I hate to disagree as it goes against my rather placid nature - but why the hell not - mpaton2009 needs to do a lot more research before he/she goes making such a critical statement, after all, all I ask is for alittlerespect!

Dry rot is a fungus and once established in timber because of poor environmental conditions i.e. humid and stagnant conditions it can and will propogate and is more than capable of surving on the water vapour in air alone as it feeds off the cellulose structure of the timber.
Dry rot can travel incredible distances and through bricks and mortar and will even traverse metal elements in its journey to find new food, and as such will wreak havoc within any building if left untreated.
For example, if you walk into a room with bare floor boards and your foot disappears as you walk onto a board, you will know that you have a problem with dry rot (and that is just the start - if it gets to the structural timbers then you will really have a serious problem to contend with!) This fungus that will eat the heart out of timber while leaving the surface looking quite alright and destroying its structural integrity.
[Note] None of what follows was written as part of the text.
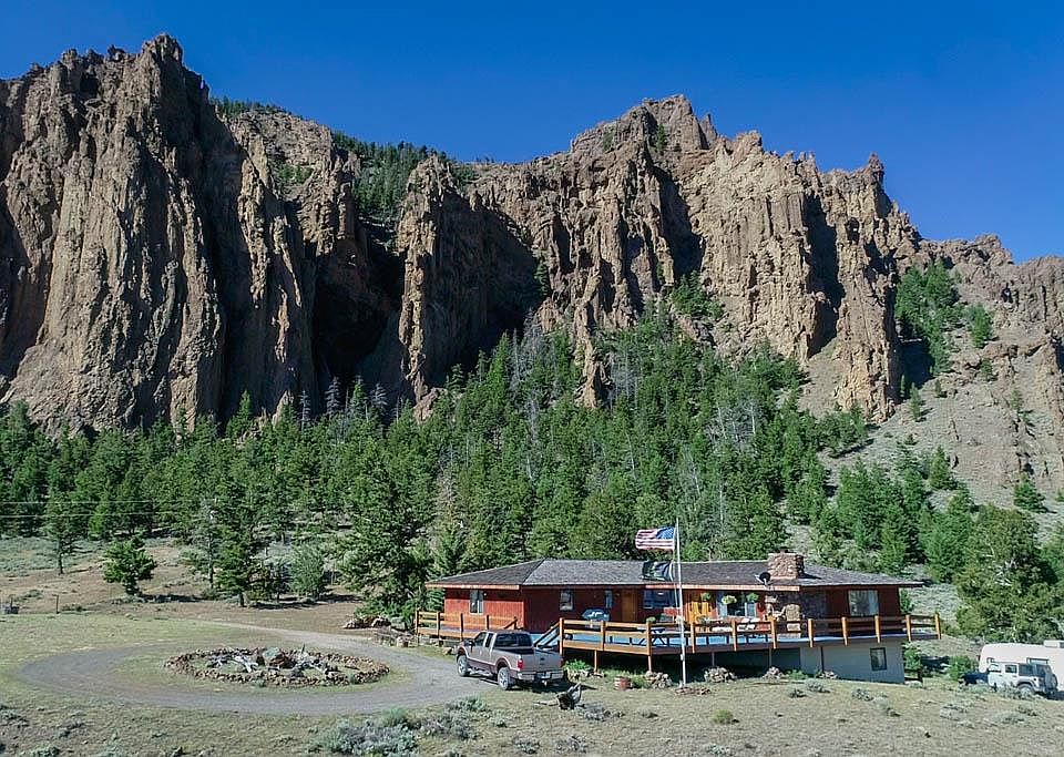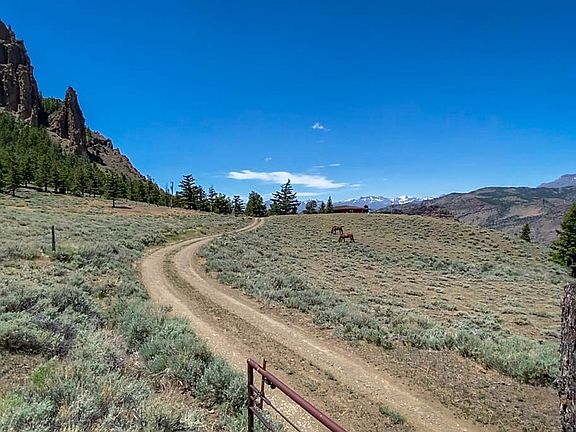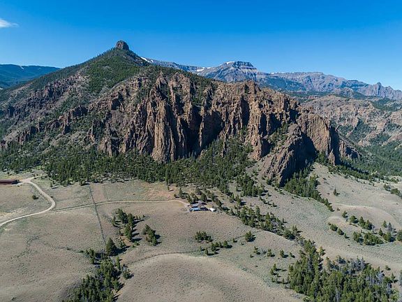 EAGLE'S NEST - This property boasts one of the most impressive views you'll ever find in the Wapiti Valley. Perched high up on the mountain top at the end of the road is this 4,276 sqft home on approx. 20 acres next to the rugged peaks where the bald eagle's soar & the bighorn sheep play. This one-of-a-kind location borders the National forest and has commanding views of the entire valley below.

Once established dry rot can turn into a home owners living nightmare, even with the best will in the world there is no guarantee that there will not be a re-ocurrence (ok you may get a paper guarantee from the specialist treatment company, but dry rot won't pay any attention to what is written on the paper!)

Regards

Apologies for being a little flippant.

I still stand firm though - while you are correct that dry not is best supported in humid and stagnant conditions it absolutely cannot infest dry wood. It's like having a fire without one part of the fire triangle. If this were true, every piece of wood in the whole country would be infested with all sorts of rot (not just S. Lacrymans) due to the millions of natural spores that are present in the air.

The conditions for dry rot have to be very specific which is why it is relatively rare compared to wet rot:

DAMP timber of ~ 20% moisture content, much higher or lower and dry rot will cease to propagate.
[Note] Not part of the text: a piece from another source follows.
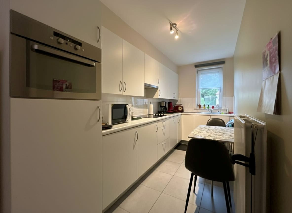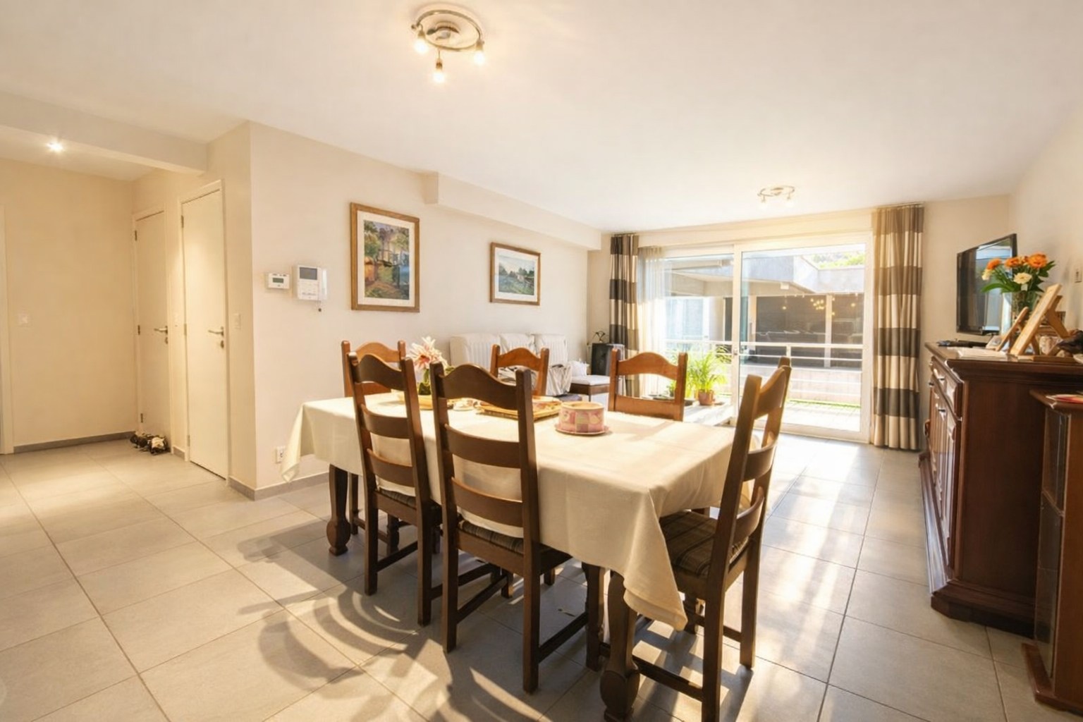 De inkomhal met apart gastentoilet leidt U naar de ruime leefruimte (23 m²) met directe toegang tot het zuidgericht terras (12 m²). Verder is er de open ingerichte keuken 8 m² (kookplaat | dampkap | spoelbak | frigo | oven | vaatwasser).

STAGNANT air - if you have good ventilation, dry rot will not happen.

Get rid of either condition, the fungus eventually dies, treatment or no treatment.
 
(ok you may get a paper guarantee from the specialist treatment company, but dry rot won't pay any attention to what is written on the paper!)
:D

i have even seen dry rot growing in an outside concrete path that was totally infected from the house about 1m away.
the best way of discribing true dry rot(Serpula lacrymans)used to be called merryillis (sp)lacrymans)is a cancer that will concour everything if not treated.

That almost certainly won't have been dry rot - it cannot survive outside (except in the absolute rarest of conditions which most climates will not provide)
 
(ok you may get a paper guarantee from the specialist treatment company, but dry rot won't pay any attention to what is written on the paper!)
:D

i have even seen dry rot growing in an outside concrete path that was totally infected from the house about 1m away.
the best way of discribing true dry rot(Serpula lacrymans)used to be called merryillis (sp)lacrymans)is a cancer that will concour everything if not treated.

That almost certainly won't have been dry rot - it cannot survive outside (except in the absolute rarest of conditions which most climates will not provide)

mmmm really...........
the fact that it was sent off for lab tests proved it was dry rot,so yeah i think it was.we were sufferering from the same illusions as yourself,this was a major outbreak that infected a large part of the rear of the house and started from the sewers overflowing and filling up the cavitys.then drying out and hey presto perfect conditions for it to start.

and it will search for new food,even if it means creeping over treated timber/tanilized,now this knowledge is from training and doing from years back,unless they now know different ill keep on offering advice and doing it how i was trained to.never did like the containment method though(personal opinion).
back in the day when i used to do this,the firm i worked(big firm) for had a big job on an office/converted block to treat and they missed a bit,about 9 mths later it blew up in there faces and cost them thousands to rip out and retreat.